* [DATA PROVIDED]
= Beginning of Section =

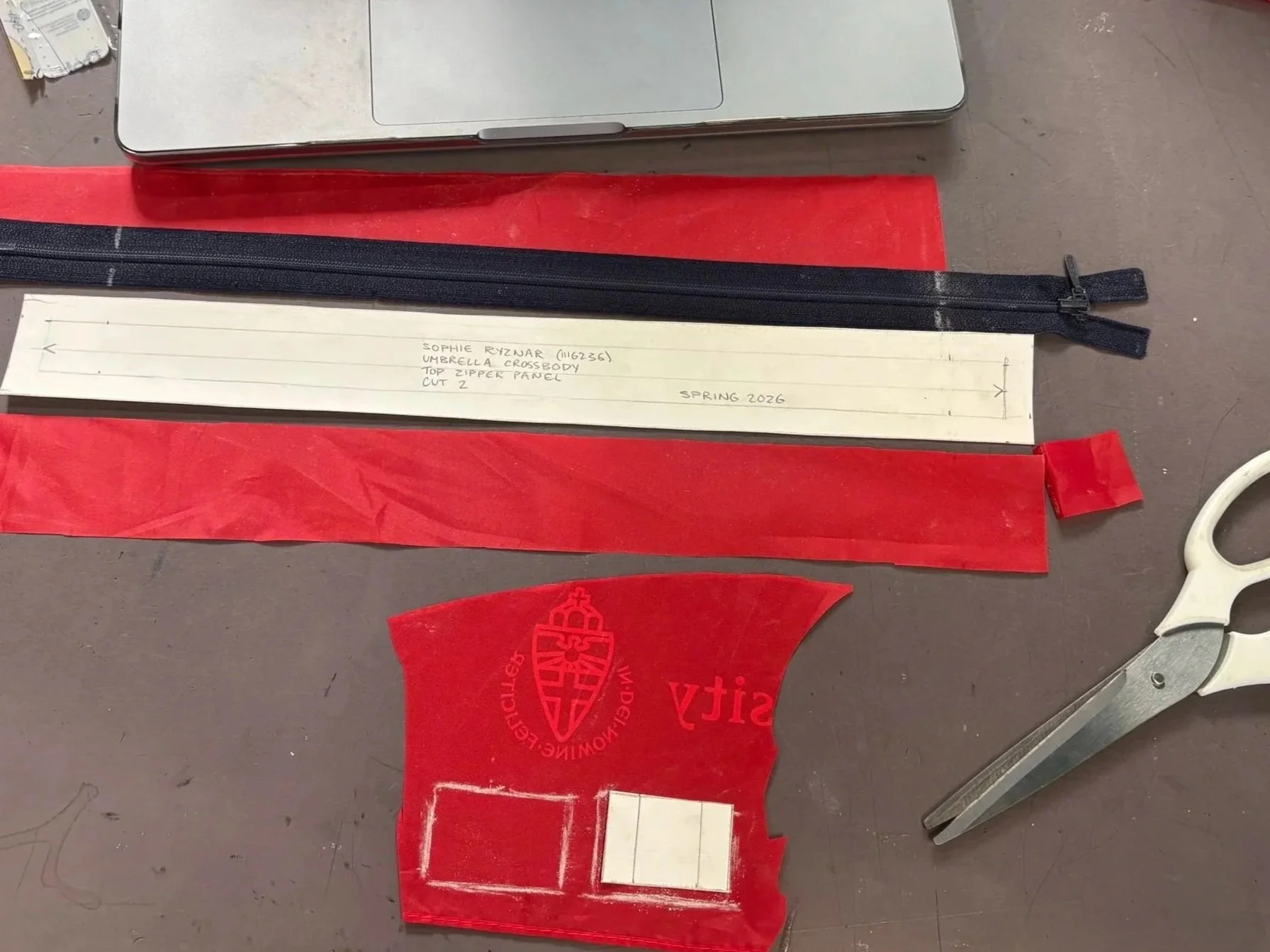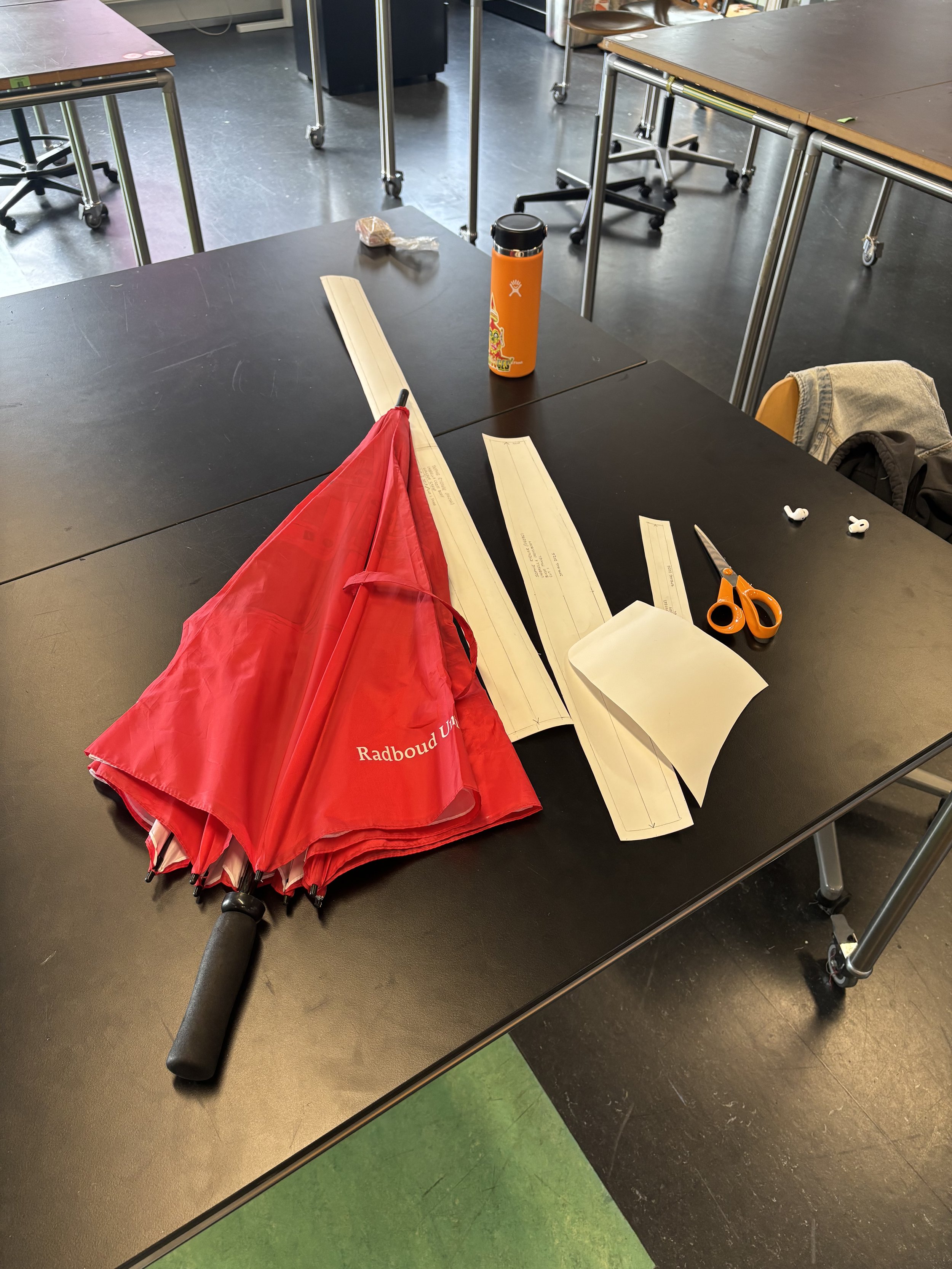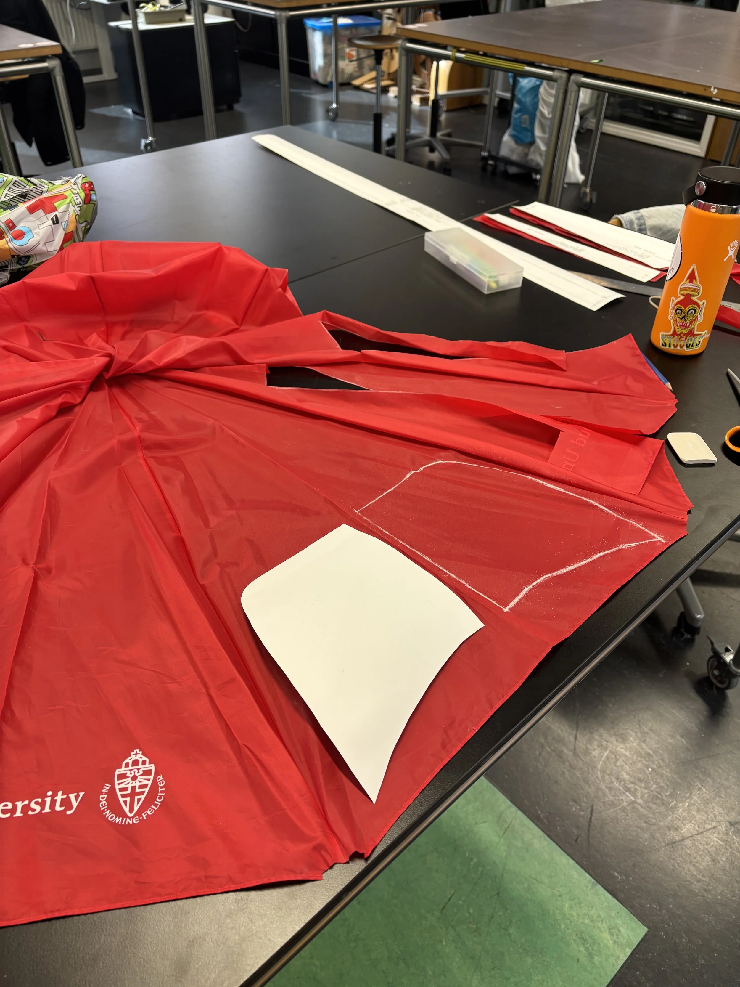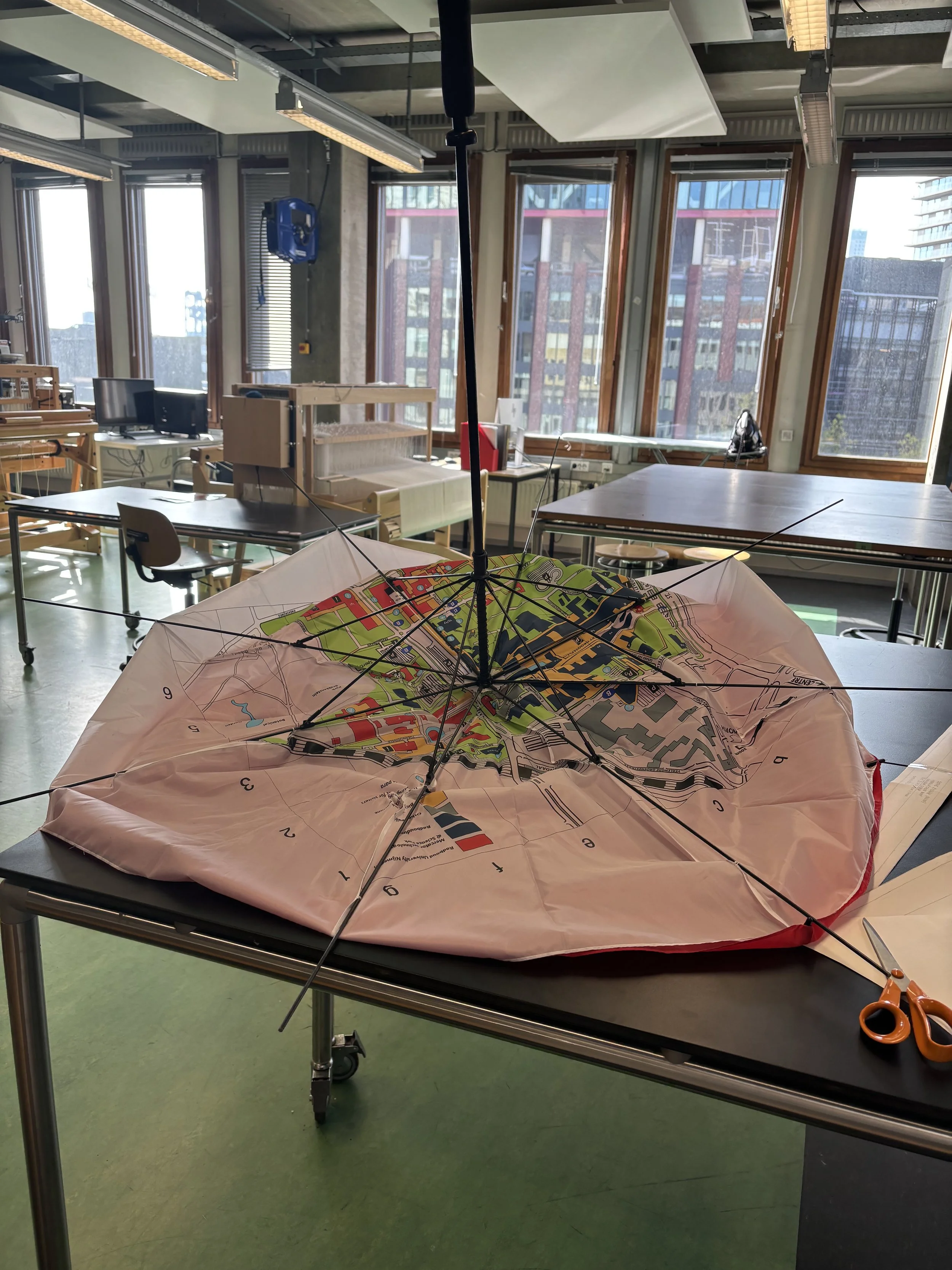 I found this umbrella discarded on the streets on a late-night walk home in Rotterdam. I had been looking for a lightweight bag to stuff in my carry-on for an upcoming trip, and then it hit me - this was the perfect material. The most challenging part of this process was working with the shape of the original object.
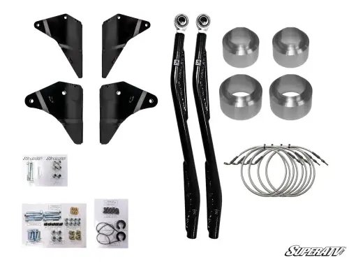 SuperATV 6" Lift Kit for Can-Am Defender HD10 Mossy Oak (Use existing ball joints) Why We Make It SuperATV’s 6” Lift kit gives your Can-Am Defender 17” of clearance, room for 34” tires, and more stability. With our chromoly steel A-arms, we’ve taken the traditional and made it EXCEPTIONAL. The Defender wants to work hard and play harder — with our 6” Lift Kit, there’s no mud hole you can’t conquer. FEATURES: •17" of ground clearance (up from 11" stock) •Run up to 34” tires (up from 27” stock) •Preadjusted pivot blocks give you perfect camber out of the box •Includes 4 bulletproof Rhino 2.0 axles •Lifetime Warranty on all A-arms and brackets •The ONLY chromoly lift kit for the Defender •Chromoly ball joint housings •Chromoly pivot blocks •Chromoly A-arms from end to end! •True 6” of lift •7” wider stance for increased stability (69" wide total) •Compatible with OEM and SuperATV heavy-duty ball joints •Powder coated for increased durability **NOTE: This 6" Lift Kit disables the front and rear sway bars. Rhino 2.0 Features: •100% stronger than stock •Utilizes the Rhino 2.0 Formula •Size: Massive 4mm increase in size! •Materials •Heat Treatment •Constructed of 4340 chromoly steel and finished with a proprietary heat treatment •Industry leading 18-month warranty •Field and lab tested for extreme strength and endurance •CAD drawn for expert precision FITMENT: Can-Am Defender HD 8 : 2016-2021 Can-Am Defender HD 8 Cab : 2020-2021 Can-Am Defender HD 8 DPS : 2016-2021 Can-Am Defender HD 8 XT : 2016-2021 Can-Am Defender HD 9 Cab : 2022+ Can-Am Defender HD 10 : 2016+ Can-Am Defender HD 10 Cab : 2020+ Can-Am Defender HD 10 DPS : 2016+ Can-Am Defender HD 10 Limited : 2020+ Can-Am Defender HD 10 Limited Cab : 2021+ Can-Am Defender HD 10 XT : 2016+ Can-Am Defender HD 10 XT Cab : 2017-2018 Can-Am Defender HD 10 XTP : 2018+ Can-Am Defender HD 10 XMR : 2018-2022 Can-Am Defender HD 10 Mossy Oak : 2017+ Can-Am Defender Pro HD : 2020+ Can-Am Defender MAX HD 8 : 2016-2021 Can-Am Defender MAX HD 8 DPS : 2016-2021 Can-Am Defender MAX HD 8 XT : 2016-2021 Can-Am Defender MAX HD 10 Cab : 2020+ Can-Am Defender MAX HD 10 DPS : 2016+ Can-Am Defender Max HD 10 Limited Cab : 2021+ Can-Am Defender MAX HD 10 Lonestar : 2018+ Can-Am Defender MAX HD 10 XMR : 2019-2022 Can-Am Defender MAX HD 10 XT : 2016+ Can-Am Defender MAX HD 10 XT Cab : 2017-2018 NOTE: Does NOT fit Limited model
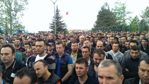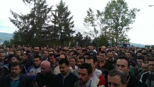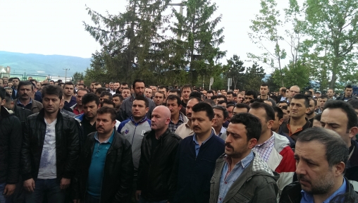 Türk Metal Sendikası Bolu Şube Başkanı Özgür Elçi, Pişirici Cihazlar İşletmesi önünde üye çalışanlara basın açıklaması yaptı. Elçi, “Üreten insanlara ürettikleri kadar değer verilsin. Artık cinayet zamanı değil, hayat zamanı. İş kazalarında Türkiye’nin boynuna utanç madalyası taktıran, ucuz işçiliğin peşinden koşan basit işveren zihniyetine dur demeliyiz.” ifadelerini kaydetti. Ardından Soma kömür işletmesinde hayatını kaybedenler adına 1 dakikalık saygı duruşu yapıldı. İşçiler, daha sonra servislerle evlerine dağıldı.

= End of Section =

* [TASK REQUIREMENTS]
When you transcribe the lines above, keep every word exact but leave the pictures behind.

* [FINISHED TASK]
 I found this umbrella discarded on the streets on a late-night walk home in Rotterdam. I had been looking for a lightweight bag to stuff in my carry-on for an upcoming trip, and then it hit me - this was the perfect material. The most challenging part of this process was working with the shape of the original object.
 SuperATV 6" Lift Kit for Can-Am Defender HD10 Mossy Oak (Use existing ball joints) Why We Make It SuperATV’s 6” Lift kit gives your Can-Am Defender 17” of clearance, room for 34” tires, and more stability. With our chromoly steel A-arms, we’ve taken the traditional and made it EXCEPTIONAL. The Defender wants to work hard and play harder — with our 6” Lift Kit, there’s no mud hole you can’t conquer. FEATURES: •17" of ground clearance (up from 11" stock) •Run up to 34” tires (up from 27” stock) •Preadjusted pivot blocks give you perfect camber out of the box •Includes 4 bulletproof Rhino 2.0 axles •Lifetime Warranty on all A-arms and brackets •The ONLY chromoly lift kit for the Defender •Chromoly ball joint housings •Chromoly pivot blocks •Chromoly A-arms from end to end! •True 6” of lift •7” wider stance for increased stability (69" wide total) •Compatible with OEM and SuperATV heavy-duty ball joints •Powder coated for increased durability **NOTE: This 6" Lift Kit disables the front and rear sway bars. Rhino 2.0 Features: •100% stronger than stock •Utilizes the Rhino 2.0 Formula •Size: Massive 4mm increase in size! •Materials •Heat Treatment •Constructed of 4340 chromoly steel and finished with a proprietary heat treatment •Industry leading 18-month warranty •Field and lab tested for extreme strength and endurance •CAD drawn for expert precision FITMENT: Can-Am Defender HD 8 : 2016-2021 Can-Am Defender HD 8 Cab : 2020-2021 Can-Am Defender HD 8 DPS : 2016-2021 Can-Am Defender HD 8 XT : 2016-2021 Can-Am Defender HD 9 Cab : 2022+ Can-Am Defender HD 10 : 2016+ Can-Am Defender HD 10 Cab : 2020+ Can-Am Defender HD 10 DPS : 2016+ Can-Am Defender HD 10 Limited : 2020+ Can-Am Defender HD 10 Limited Cab : 2021+ Can-Am Defender HD 10 XT : 2016+ Can-Am Defender HD 10 XT Cab : 2017-2018 Can-Am Defender HD 10 XTP : 2018+ Can-Am Defender HD 10 XMR : 2018-2022 Can-Am Defender HD 10 Mossy Oak : 2017+ Can-Am Defender Pro HD : 2020+ Can-Am Defender MAX HD 8 : 2016-2021 Can-Am Defender MAX HD 8 DPS : 2016-2021 Can-Am Defender MAX HD 8 XT : 2016-2021 Can-Am Defender MAX HD 10 Cab : 2020+ Can-Am Defender MAX HD 10 DPS : 2016+ Can-Am Defender Max HD 10 Limited Cab : 2021+ Can-Am Defender MAX HD 10 Lonestar : 2018+ Can-Am Defender MAX HD 10 XMR : 2019-2022 Can-Am Defender MAX HD 10 XT : 2016+ Can-Am Defender MAX HD 10 XT Cab : 2017-2018 NOTE: Does NOT fit Limited model
 Türk Metal Sendikası Bolu Şube Başkanı Özgür Elçi, Pişirici Cihazlar İşletmesi önünde üye çalışanlara basın açıklaması yaptı. Elçi, “Üreten insanlara ürettikleri kadar değer verilsin. Artık cinayet zamanı değil, hayat zamanı. İş kazalarında Türkiye’nin boynuna utanç madalyası taktıran, ucuz işçiliğin peşinden koşan basit işveren zihniyetine dur demeliyiz.” ifadelerini kaydetti. Ardından Soma kömür işletmesinde hayatını kaybedenler adına 1 dakikalık saygı duruşu yapıldı. İşçiler, daha sonra servislerle evlerine dağıldı.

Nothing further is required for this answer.